====== Record set

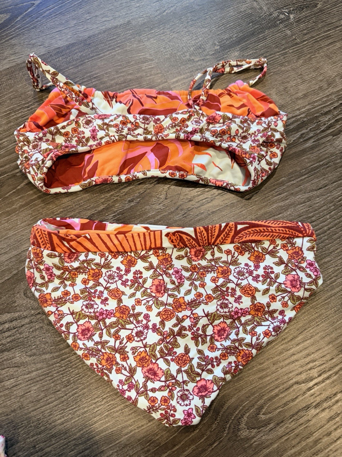Maaji Girls 2 Piece Bikini Swimsuit Orange floral Reversible 12
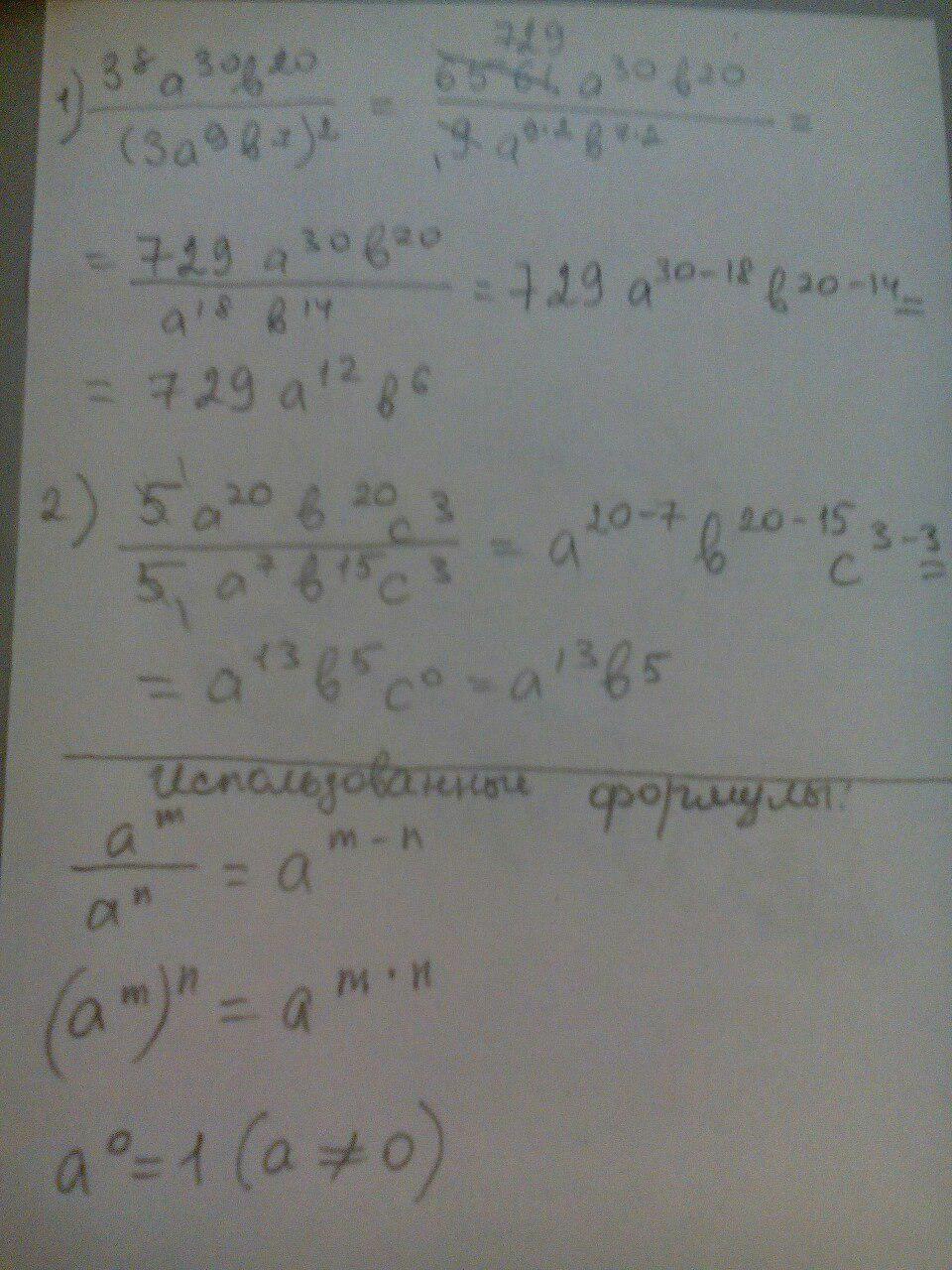 формулы записаны либо перед примерами либо после них...там числа обозначеньі как а и b в степенях m или n
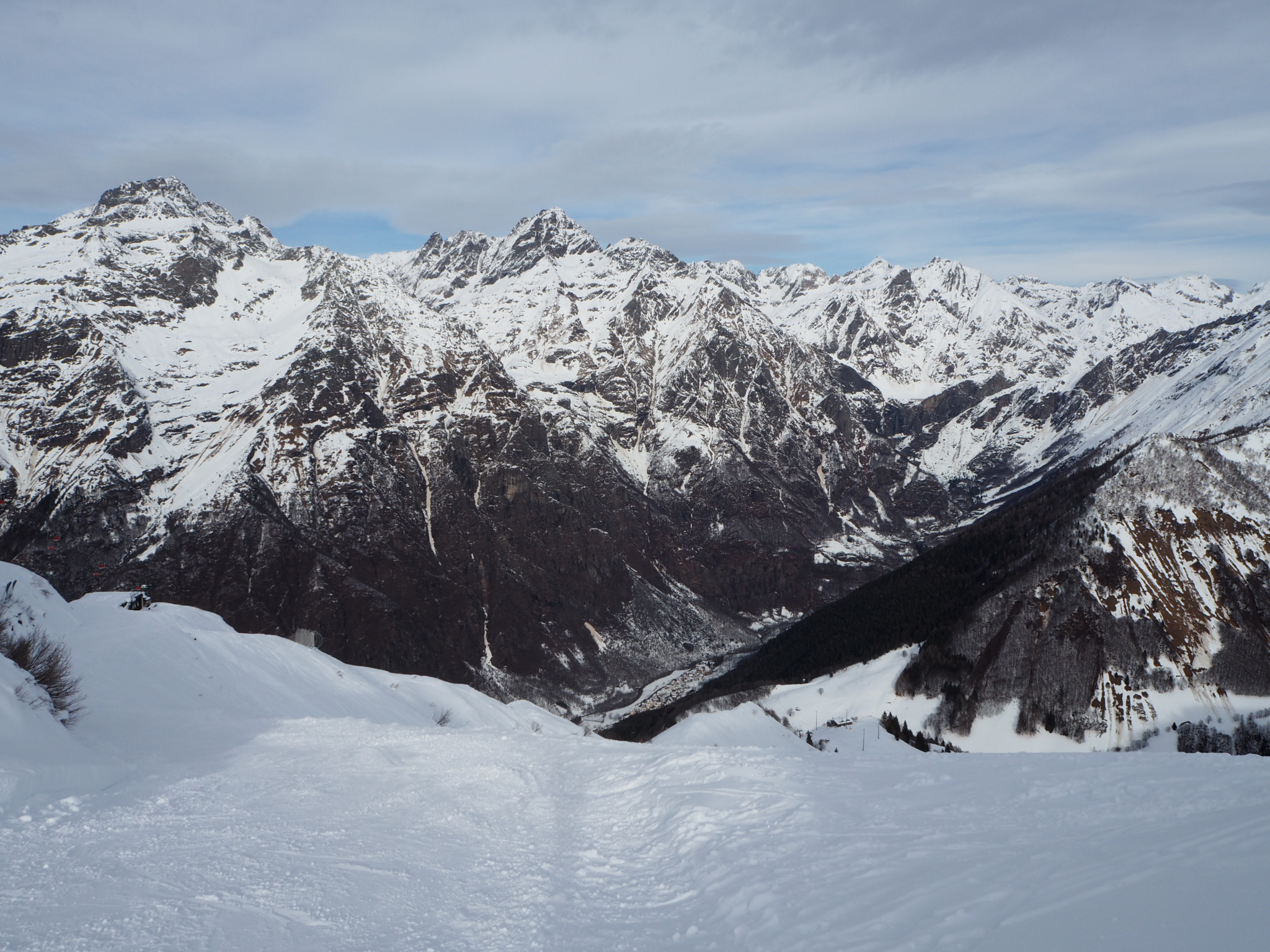 A) salire sullo Sponda Vaga (m. 2070) e poi scendere dalle piste fino a Lizzola;
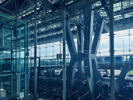 modernized railway station, with sleek and stylish design elements, including glass walls and metal accents, created with generative ai
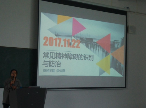 2017年11月22日,下午14:30-16:00在3501课室,由二级辅导站站长李依潇老师为我校心理健康协会以及17级班级心理委员,开展第四次心理培训课,本次培训的主题是“常见精神障碍的识别与防治”。具体内容如下:
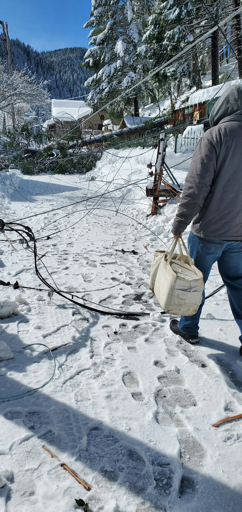 This photo, taken late on Tuesday morning, 3/1, shows a Caltrans snowplow operator walking west on Downieville's Main St. on his way to crawling through a downed cedar tree before starting another 12-hour shift.
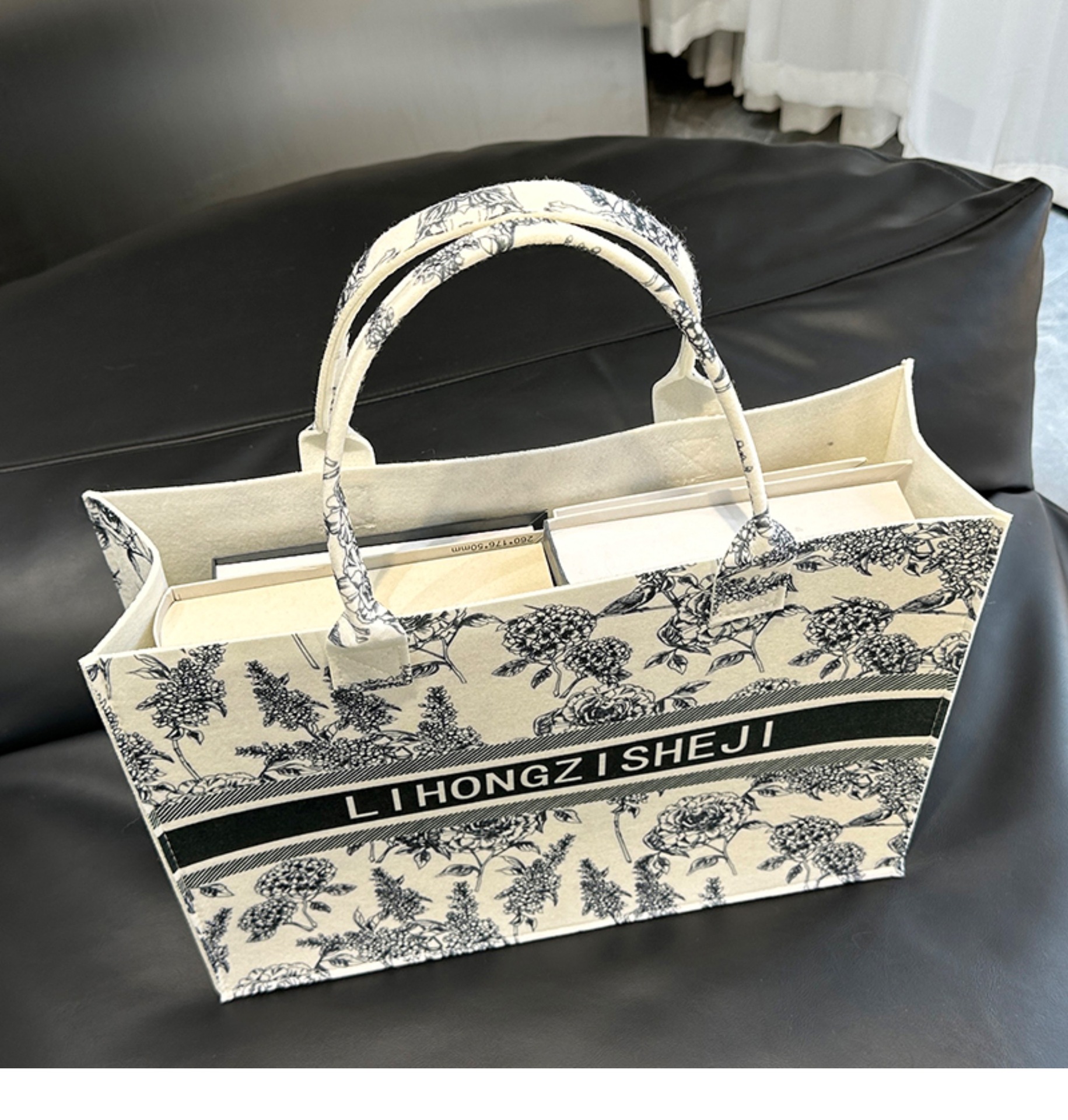 고급스러운 명품 스타일의 트렌디한 대용량 출퇴근 비즈니스 펠트 선물 가방, 중국풍 청화백자 디자인스토어 가기
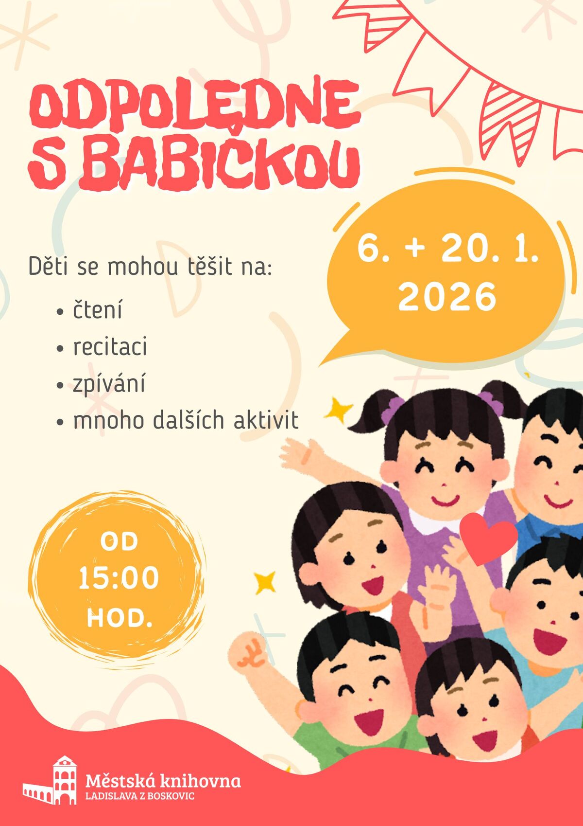 Odpoledne s babičkou 18.12.2025 / Akce 6. a 20. 1. Odpoledne s pohádkovou babičkou Věrou Nápravníkovou. Čtení, recitace, zpívání a mnoho dalších aktivit. Začátek vždy v 15:00 hod. v dětském oddělení.
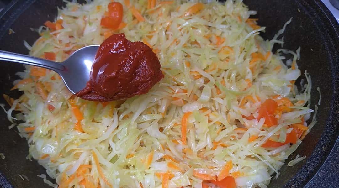 Потім додаємо томатну пасту, перемішуємо і тушимо ще 10 хвилин.
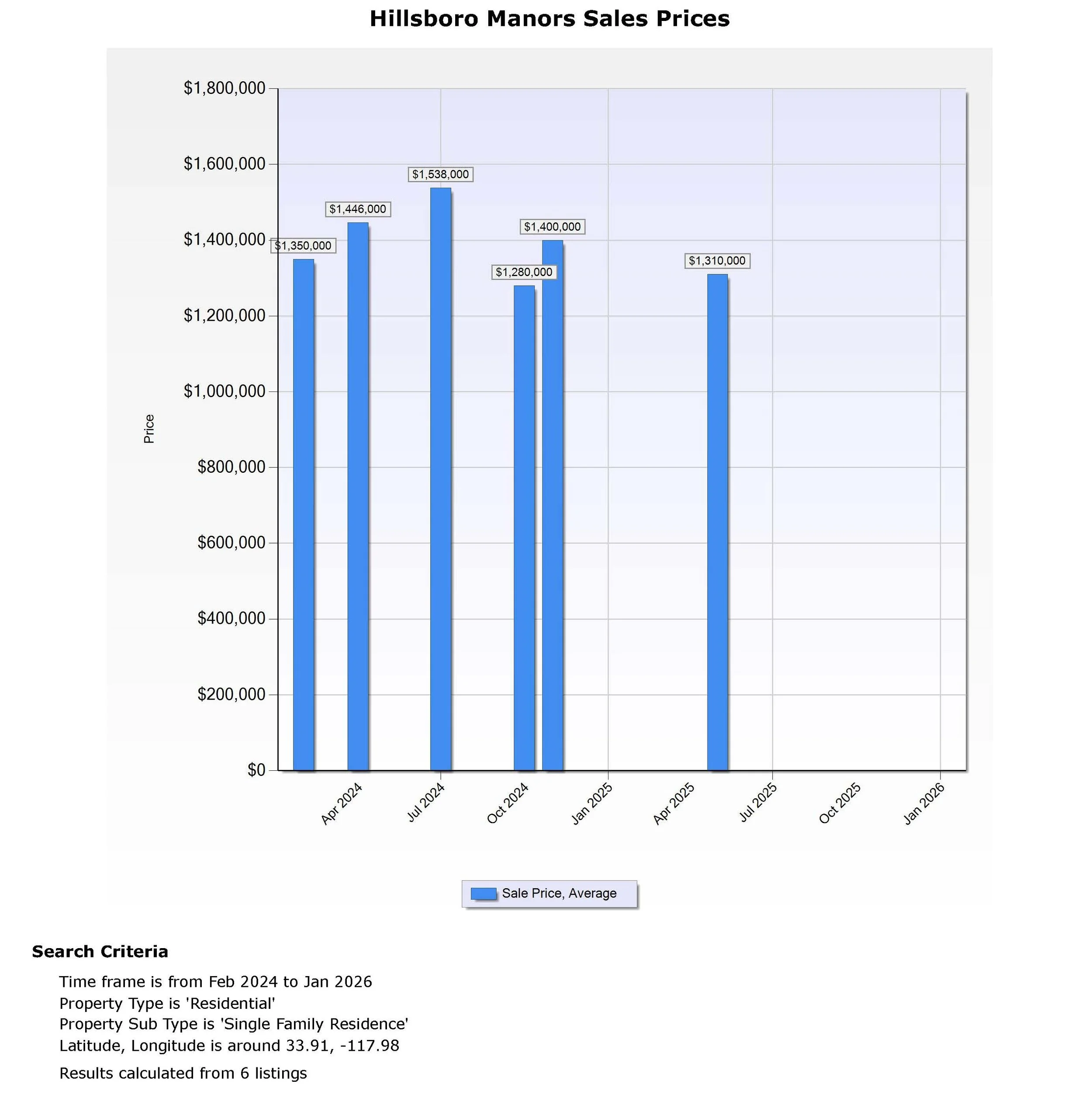 Over The last 12 months, the average price for this neighborhood was $1,310,000, compared to $1,403,000 in the previous 12 months. This results in an average monthly price decrease of $93,000 for the Hillsboro Manors neighborhood over the last 12 months. As you can see from the graph below, prices in the Hillsboro Manors neighborhood have remained relatively stable over the last 12 months. The lowest monthly average for the last 12 months was $1,310,000, and the highest was $1,310,000. This yields a price spread of $0 for the neighborhood over the last 12 months because of low sales. Normally, there would be a price difference due to factors such as property condition, added square footage, an added pool, and location.
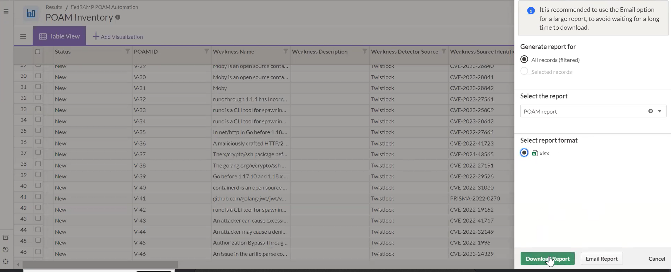 After completing all records and reviewing their statuses, the Impact Report feature is used to export the POAM Inventory into the FedRAMP POAM Excel template. The export automatically sorts open and closed vulnerabilities according to FedRAMP requirements.
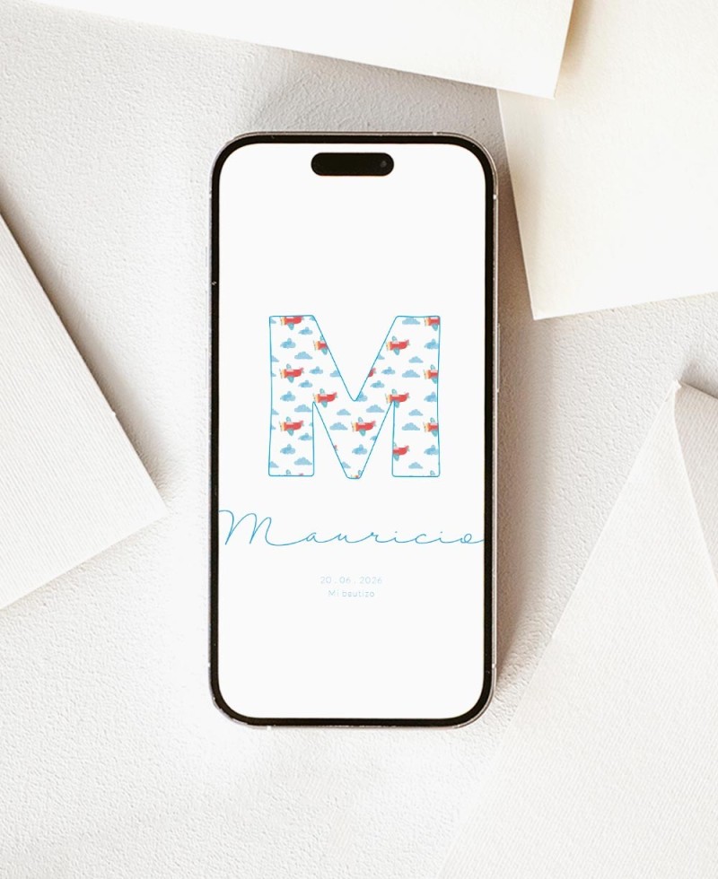 Invito al battesimo digitale personalizzato . Video animato ideale per l'invio ai tuoi contatti. Decorato con l'iniziale del bambino con una simpatica stampa di nuvole e aeroplanini giocattolo. Il modo perfetto per sostituire o completare i tuoi inviti iniziali al battesimo a tema.

============

#### Task prompt
From the first line to the last, repeat the records exactly and skip the pictures.

#### Solution for this problem
Maaji Girls 2 Piece Bikini Swimsuit Orange floral Reversible 12
 формулы записаны либо перед примерами либо после них...там числа обозначеньі как а и b в степенях m или n
 A) salire sullo Sponda Vaga (m. 2070) e poi scendere dalle piste fino a Lizzola;
 modernized railway station, with sleek and stylish design elements, including glass walls and metal accents, created with generative ai
 2017年11月22日,下午14:30-16:00在3501课室,由二级辅导站站长李依潇老师为我校心理健康协会以及17级班级心理委员,开展第四次心理培训课,本次培训的主题是“常见精神障碍的识别与防治”。具体内容如下:
 This photo, taken late on Tuesday morning, 3/1, shows a Caltrans snowplow operator walking west on Downieville's Main St. on his way to crawling through a downed cedar tree before starting another 12-hour shift.
 고급스러운 명품 스타일의 트렌디한 대용량 출퇴근 비즈니스 펠트 선물 가방, 중국풍 청화백자 디자인스토어 가기
 Odpoledne s babičkou 18.12.2025 / Akce 6. a 20. 1. Odpoledne s pohádkovou babičkou Věrou Nápravníkovou. Čtení, recitace, zpívání a mnoho dalších aktivit. Začátek vždy v 15:00 hod. v dětském oddělení.
 Потім додаємо томатну пасту, перемішуємо і тушимо ще 10 хвилин.
 Over The last 12 months, the average price for this neighborhood was $1,310,000, compared to $1,403,000 in the previous 12 months. This results in an average monthly price decrease of $93,000 for the Hillsboro Manors neighborhood over the last 12 months. As you can see from the graph below, prices in the Hillsboro Manors neighborhood have remained relatively stable over the last 12 months. The lowest monthly average for the last 12 months was $1,310,000, and the highest was $1,310,000. This yields a price spread of $0 for the neighborhood over the last 12 months because of low sales. Normally, there would be a price difference due to factors such as property condition, added square footage, an added pool, and location.
 After completing all records and reviewing their statuses, the Impact Report feature is used to export the POAM Inventory into the FedRAMP POAM Excel template. The export automatically sorts open and closed vulnerabilities according to FedRAMP requirements.
 Invito al battesimo digitale personalizzato . Video animato ideale per l'invio ai tuoi contatti. Decorato con l'iniziale del bambino con una simpatica stampa di nuvole e aeroplanini giocattolo. Il modo perfetto per sostituire o completare i tuoi inviti iniziali al battesimo a tema.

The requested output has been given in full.